While Khera acknowledges the importance of preventing heart attacks and strokes, he expects that health care practitioners will be “more prudent” in providing aspirin regimens and will focus on individuals who would benefit the most.
For example, aspirin may be a suitable choice for someone who is at high risk of cardiovascular problems and has been unable to reduce their risk factors through other ways, Tseng said, as long as they are at low risk of bleeding and willing to take medication daily. The task committee suggests that you use the ACC/AHA online prediction tool to determine your risk of cardiovascular disease.
The generally accepted approach of taking aspirin to prevent a first heart attack or stroke originated in 1980s and 1990s research, Lloyd-Jones explained.
“That was a time when we weren’t really focused on or doing a particularly good job of controlling things like blood pressure and cholesterol, so aspirin had room to add value in preventing heart attacks and strokes.”

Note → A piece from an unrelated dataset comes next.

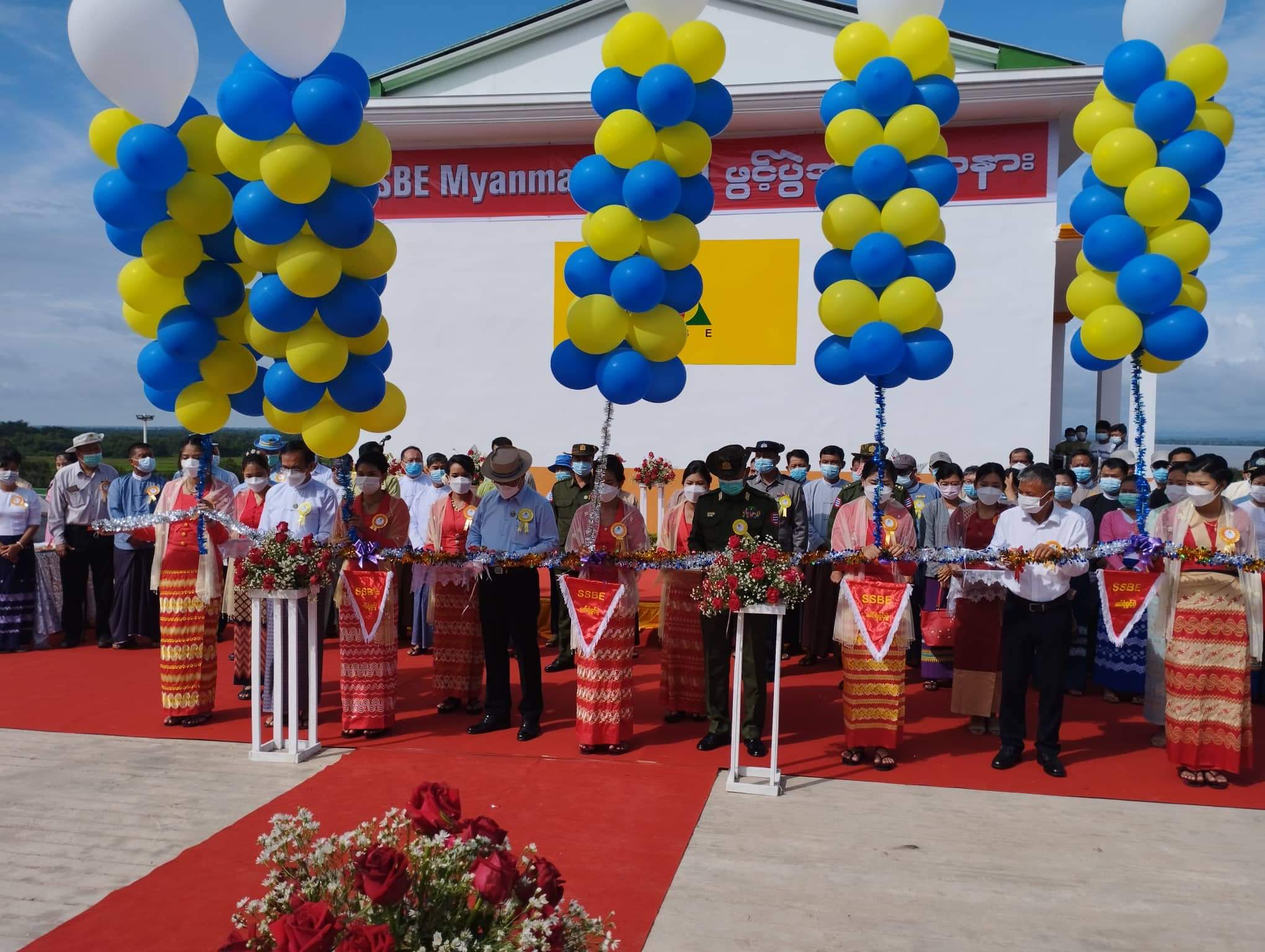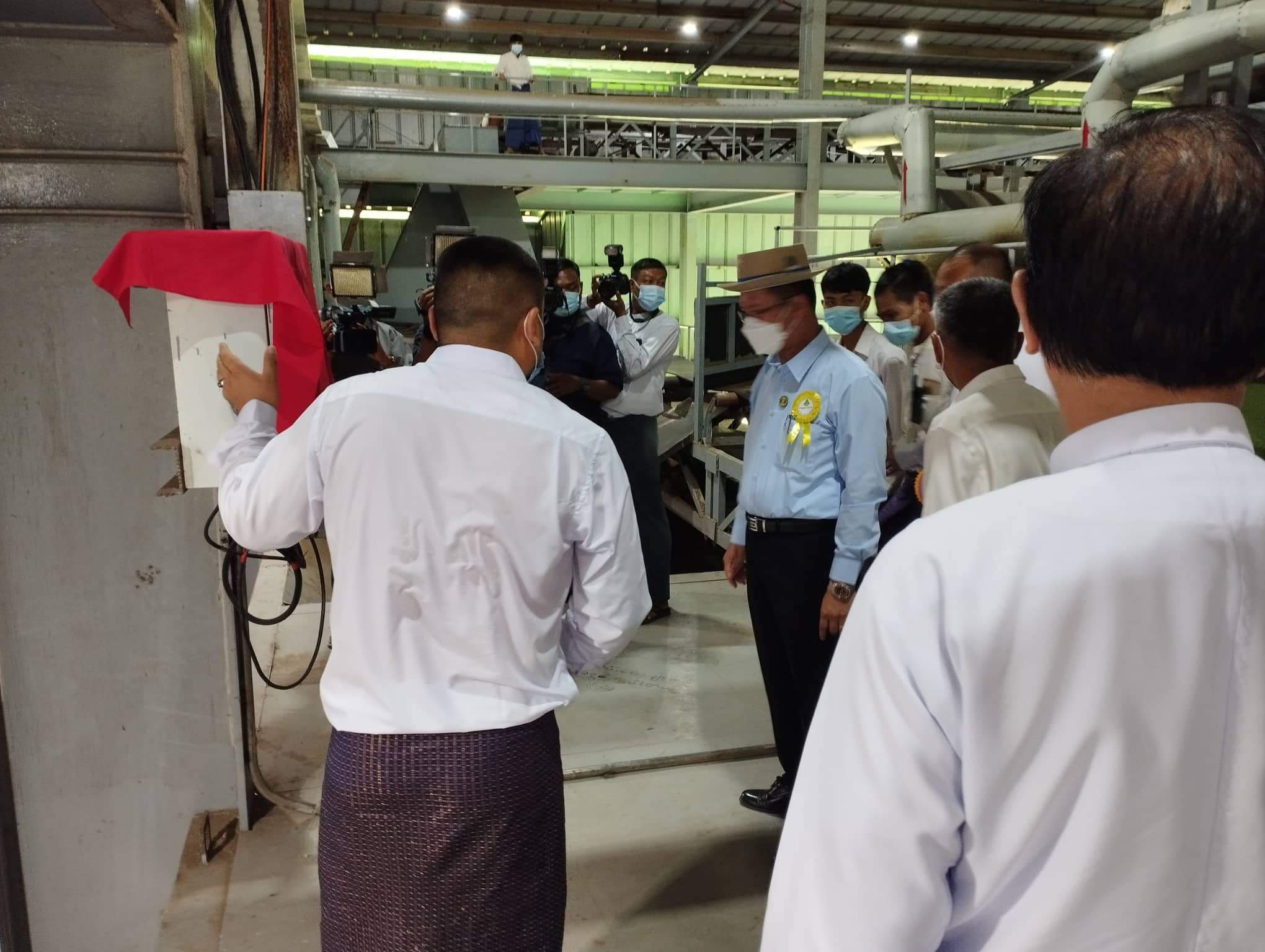 လောင်စာတောင့်စက်ရုံ ဖွင့်ပွဲအခမ်းအနားကို ဧရာဝတီတိုင်းဒေသကြီး ဝန်ကြီးချုပ် ဦးတင်မောင်ဝင်း၊ စီးပွားရေးရာဝန်ကြီး ဦးတင်အေး၊ အနောက်တောင်တိုင်းစစ်ဌာနချုပ် တိုင်းမှူး ဗိုလ်ချုပ်အောင်အောင်၊ SSBE ကုမ္ပဏီမှ မန်နေးဂျင်းဒါရိုက်တာ မစ္စတာဖုန့်တို့က ဖဲကြိုးဖြတ် ဖွင့်လှစ်ပေးသည်။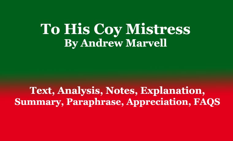 To His Coy Mistress By Andrew Marvell: Text, Analysis, Notes, Explanation, Summary, Paraphrase, Appreciation, FAQS

However, as our ability to lower or manage risk factors has increased and a greater emphasis has been placed on healthy living, additional research have revealed that the added value of aspirin as a primary prevention technique appears to be “at best marginal and sometimes nonexistent,” Lloyd-Jones said.
“We just don’t really need aspirin so much anymore.”
Khera agreed. “Society changes, people change, and so the place for aspirin also changes,” he said.
Adopting a more cautious approach to aspirin use would also send the message that the OTC medication is not without risk, experts said.
“Many people think of aspirin almost like a vitamin and that it’s benign, but that’s not true,” Khera said. “When we talk about major bleeding, we’re talking about bleeding in the brain, bleeding that needs transfusions, so not like nosebleed-type stuff.”
Additionally, experts urge the public to understand that taking aspirin is only one method of preventing a heart attack or stroke. Additionally, effective risk-lowering measures include simple lifestyle changes like as stopping smoking, eating a nutritious diet, and obtaining at least 30 minutes of moderate to strenuous activity on a regular basis.
“All those things add value together . . . and they work together synergistically,” Lloyd-Jones said. “Those are really the secrets here, and you won’t need aspirin if you’re doing those other things successfully.”